Self.defaulttitle = u "Baidu paste"
#是否写入楼分隔符的标记
Self.floortag = Floortag

#传入页码, get the code for the page post
def getpage (Self,pagenum):
Try
url = self.baseurl + Self.seelz + ' &pn= ' + str (pagenum)
Request = Urllib2. Request (URL)
Response = Urllib2.urlopen (Request)
Tbpage = Response.read (). Decode (' Utf-8 ')
#print Tbpage
Return Tbpage
#链接报错的原因
Except Urllib2. Urlerror, E:
If Hasattr (E, "Reason"):
Print u ' link Baidu paste failed, error reason: ', E.reason
Return None

#获取帖子标题
def getTitle (self,page):
page = self.getpage (1)
#正则匹配贴吧标题
Pattern = Re.compile ('

result = Re.search (pattern,page)
If result:
#输出标题
#print Result.group (1)
return Result.group (1). Strip ()
Else
Return None

#获取帖子一共有多少页
def getpagenum (self,page):
page = self.getpage (1)
#正则匹配帖子总共有多少页
Pattern = Re.compile (' <li class= ' l_reply_num.*?</span>.*?<span.*?> (. *?) </span> ', Re. S
result = Re.search (pattern,page)
If result:
#输出页码数
#print Result.group (1)
return Result.group (1). Strip ()
Else
Print None

#获取帖子每一个楼层的内容
def getcontent (self,page):
#正则匹配每一个楼层的内容
Pattern = Re.compile (' <div id= ' post_content.*?> (. *?) </div> ', Re.

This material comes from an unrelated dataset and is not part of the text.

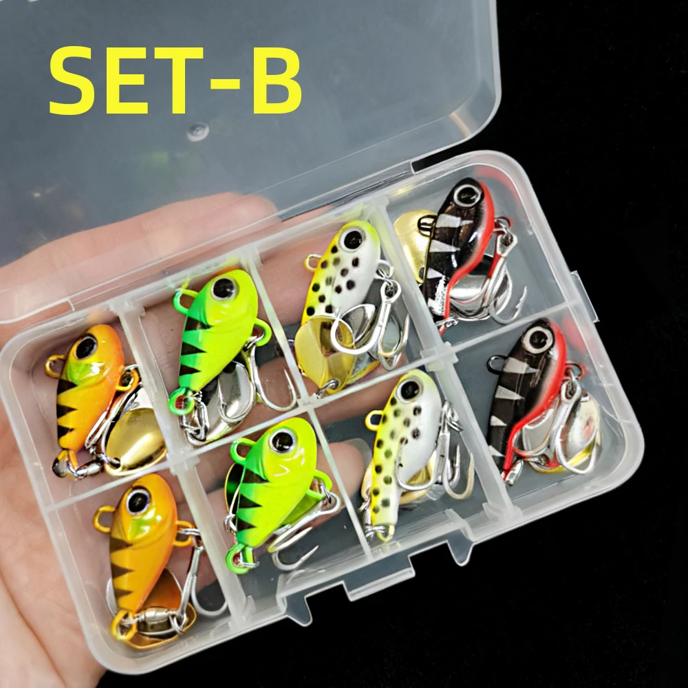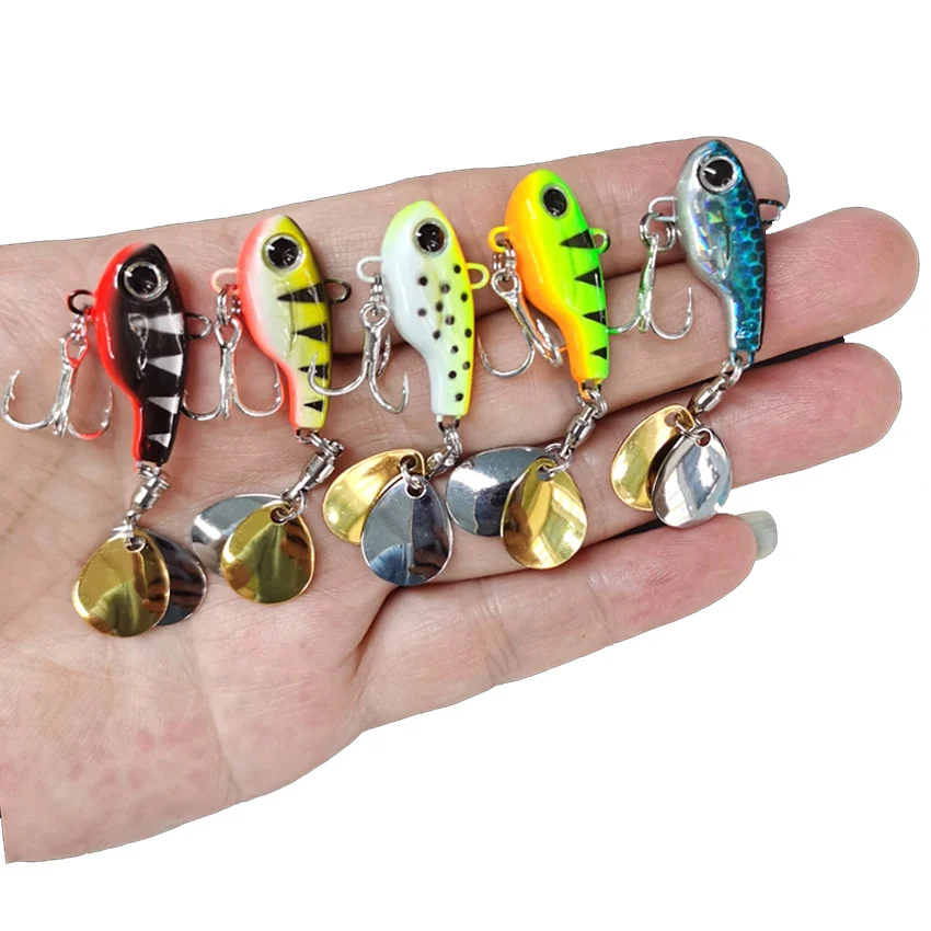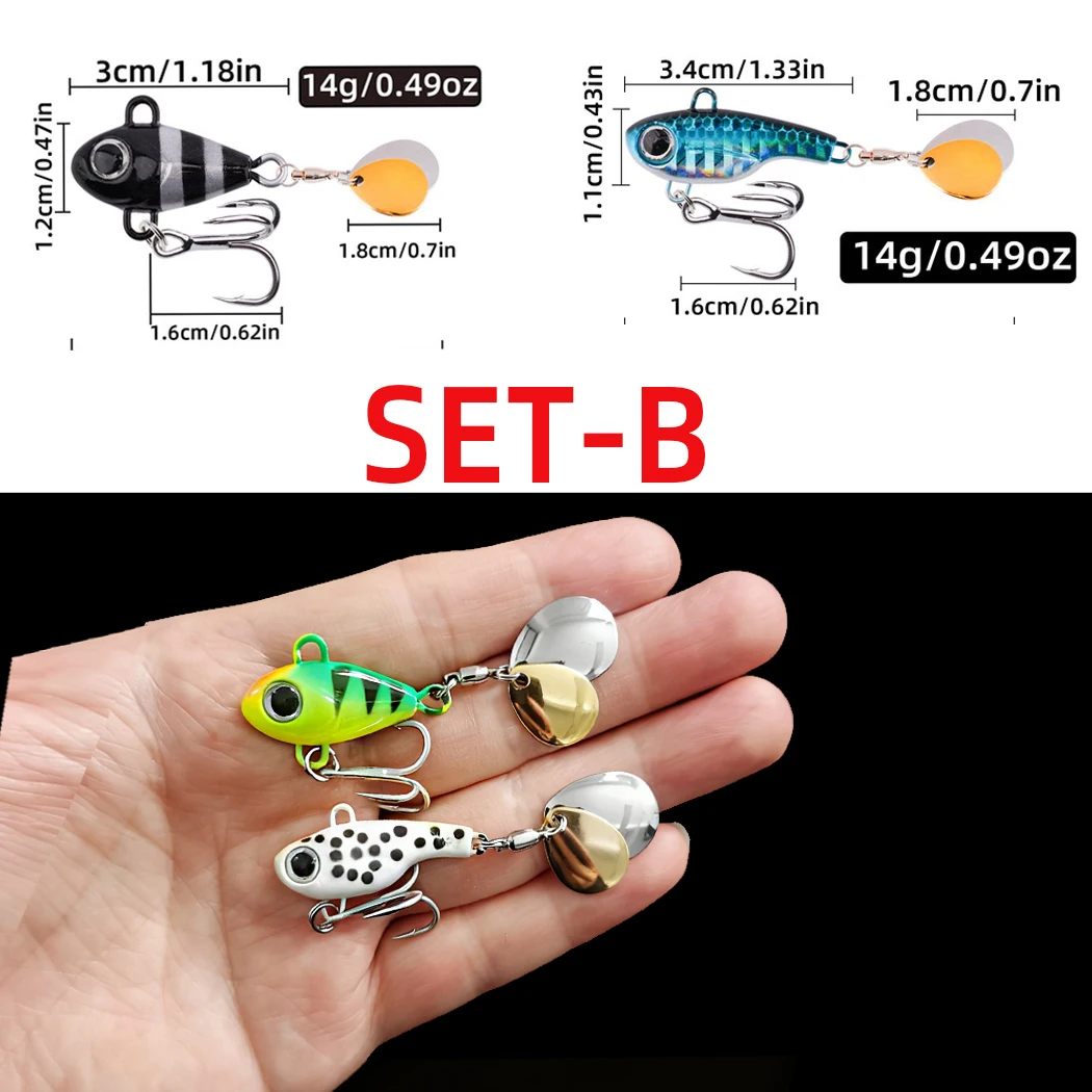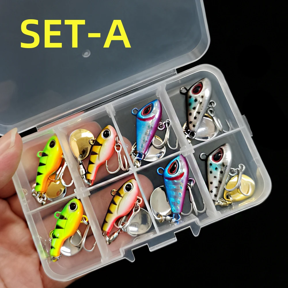 Aorace 8 Uds Metal VIB con doble lentejuelas juego de Señuelos de Pesca 10g-14g aparejos de pesca Pin Crankbait vibración Spinner cebo que se hunde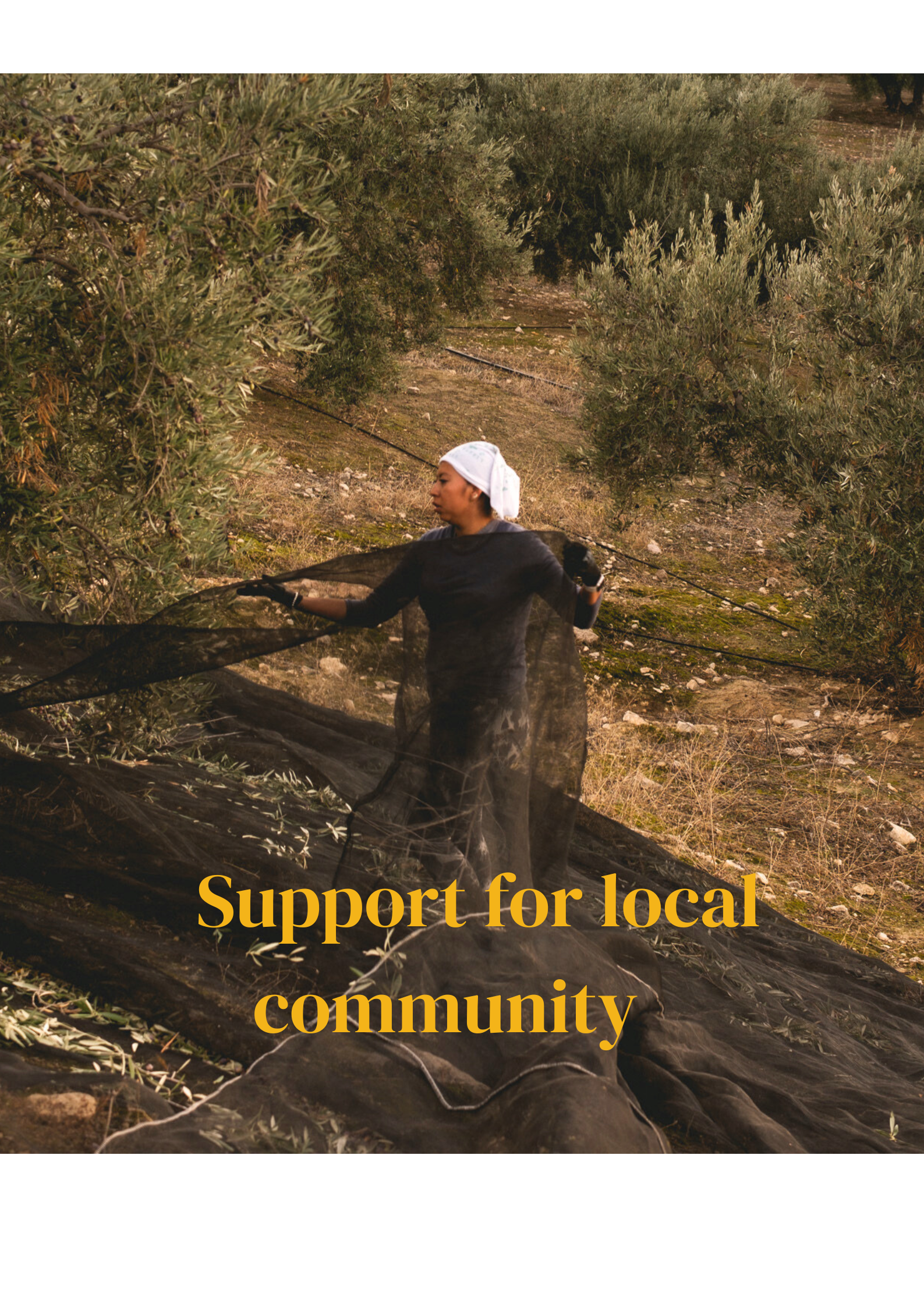 Nuo pat Holy Olive gimimo vienas mūsų pagrindinių prioritetų – tai tikras ryšys su kraštu, jo žmonėmis ir tradicijomis. Mūsų aliejus kuria ne dideli fabrikai, o šeimos ir jų maži ūkiai, vietinių žmonių darbščios rankos, jų istorijos ir gyvenimai, kurie ir yra svarbiausia viso to dalis. Kiekviename ūkyje, kurį atstovaujame, lankėmės asmeniškai ir akis į akį susipažinome su gamintojais, matėme jų kasdienybę ir gamybos procesus.

S
Items = Re.findall (pattern,page)
#floor = 1
contents = []
For item in items:
#将文本进行去除标签处理, adding line breaks before and after
Content = "\ n" + self.tool.replace (item) + "\ n"
Contents.append (Content.encode (' Utf-8 '))
#print floor,u "Building-----------------------"
#print Content
#floor + = 1
Return contents

#设置文件的标题
def setfiletitle (Self,title):
#如果标题不是None, which is the successful acquisition of the title
If title is not None:
Self.file = open (title + ". txt", "w+")
Else
Self.file = open (Self.defaulttitle + ". txt", "w+")

#向文件写入每一楼层的信息
def writedata (self,contents):
#遍历楼层
for item in contents:
If Self.floortag = = ' 1 ':
#楼 The delimiter used between
Floorline = "\ n--------------" + str (self.floor) + "floor-----------------\ n"
Self.file.write (Unicode ( Floorline, "Utf-8"))
Self.file.write (Unicode (item, "Utf-8")
Self.floor + = 1

def start (self):
Indexpage = self.getpage (1)
Pagenum = Self.getpagenum (indexpage)
title = Self.gettitle (indexpage)
Self.setfiletitle (title)
if Pagenum = = None:
Print "URL is invalid, please try again"
Return
Try
Print "This post in total" + str (pagenum) + "page"
For I in range (1,int (pagenum) + 1):
Print "writing" + str (i) + "page data"
page = Self.getpage (i)
Contents = self.getcontent (page)
Self.writedata (contents)
Except Ioerror,e:
Print "Write exception, reason" + e.message
Finally
Print "Write task complete"
Print U "Please enter the post code"
BaseURL = ' http://tieba.baidu.com/p/' + str (raw_input (U ' http://tieba.baidu.com/p/'))
Seelz = Raw_input ("Whether only to get the landlord to speak, is input 1, no input 0\n")
Floortag = Raw_input ("Whether to write floor information, is input 1, no input 0\n")
BDTB = BDTB (Baseurl,seelz,floortag)
Bdtb.start ()

Python crawler crawl Baidu Post

This article is an English version of an article which is originally in the Chinese language on aliyun.com and is provided for information purposes only. This website makes no representation or warranty of any kind, either expressed or implied, as to the accuracy, completeness ownership or reliability of the article or any translations thereof. If you have any concerns or complaints relating to the article, please send an email, providing a detailed description of the concern or complaint, to info-contact@alibabacloud.com. A staff member will contact you within 5 working days. Once verified, infringing content will be removed immediately.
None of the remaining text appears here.